Border Patrol statistics obtained by USA Today’s Lauren Villagrán point to 61,325 apprehensions of migrants in July, including about 5,000 people taken into custody at ports of entry without CBP One appointments. This number, which aligns with early-August reports of about 57,000 Border Patrol apprehensions between ports of entry last month, is the fewest recorded at the U.S.-Mexico border since September 2020. CBP has not yet posted July migration data.

Villagrán visited the largest shelter for released migrants in the El Paso area, where most occupants are people who had CBP One appointments at ports of entry. Border Patrol drop-offs of migrants who crossed the border without inspection—and are mostly banned from seeking asylum under a June 2024 Biden administration rule—are down to “single digits” per day.

Villagrán, Anna Giaritelli of the Washington Examiner, and Didi Martinez and Laura Strickler of NBC News reported that the drop in migration has nearly stalled Texas Gov. Greg Abbott’s (R) program of busing released migrants, without advance coordination, to U.S. cities governed by Democratic mayors.

Border Report’s Sandra Sanchez covered a training in Eagle Pass of volunteers helping to identify deceased migrants. A mobile morgue run by the sheriff’s department in Maverick County, which includes Eagle Pass, currently holds over 40 unidentified remains; the county lacks a medical examiner. Some remains have been in the morgue since 2020.

President Biden spoke with Panama’s new president, José Raúl Mulino, on August 14. They “discussed joint efforts to address the challenges stemming from irregular migration through Panama, including the regularization of migrant populations and increased humane enforcement efforts.”

A host of senior Customs and Border Protection (CBP) and Department of Homeland Security (DHS) officials will be speaking at a “Border Technology Summit” in San Diego on September 24-25. The event encourages networking between border law enforcement management and private corporations seeking to sell technology and services. Admission for government and military employees is $49; the fee for foreign governments, academics, and non-profits is $1,195 (currently discounted to $995).

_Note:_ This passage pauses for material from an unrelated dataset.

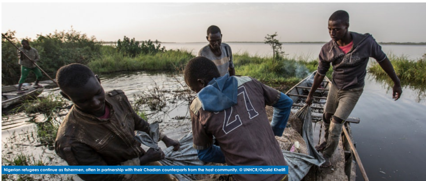
Nigerian refugees continue as fishermen, often in partnership with their Chadian counterparts from the host community.

More funding is needed so that more fishermen, farmers, herders and traders from the refugee and local communities can be included.

Analyses and Feature Stories

At the Border Chronicle, Todd Miller took stock of the Kamala Harris campaign’s recent tough talk about border security and migration, including pledges to maintain asylum curbs and hire more Border Patrol agents.

The BBC looked at Donald Trump’s promise of mass deportation of migrants from the United States, and at his running mate J.D. Vance’s suggestion, “Let’s start with one million.” The analysis pointed to many potential obstacles, from law to logistics to public outrage.

The Associated Press reported from Peru, Chile, and Colombia about those countries’ expectation of a new wave of Venezuelan migration following the July 28 presidential elections’ fraudulent and repressive result. The Miami Herald reported on an August 8-11 Meganálisis poll of 1,007 Venezuelans, which found more than 40 percent are considering fleeing. (It also found that 93 percent of Venezuelans do not believe that Nicolás Maduro won the election.)

Weekly U.S.-Mexico Border Update: August 16, 2024

With this series of weekly updates, WOLA seeks to cover the most important developments at the U.S.-Mexico border. See past weekly updates here.

Support ad-free, paywall-free Weekly Border Updates. Your donation to WOLA is crucial to sustain this effort. Please contribute now and support our work.

THIS WEEK IN BRIEF:

The U.S.-Mexico border is at the lowest point for migration since the Biden administration began, because of a crackdown in Mexico and sharp new limits on asylum access. As shelters report lower capacity, reports of kidnappings and deaths are up, especially around El Paso. Numbers are down in the Darién Gap as well. The drop is most likely a temporary phenomenon.

CBP reached a $45 million settlement with over 1,000 female employees of its Office of Field Operations, who claimed in a lawsuit that the agency systematically penalized those who disclosed pregnancies. The settlement drew fresh attention to the male-dominated culture at an agency that has made only very slow progress increasing the number of women in its workforce.

A collection of links points to the Kamala Harris campaign’s efforts to “flip the script” and attack Donald Trump on border and migration policy, including pledges to hire more agents, along with new analyses of the Vice President’s border and migration policy record and other electoral developments.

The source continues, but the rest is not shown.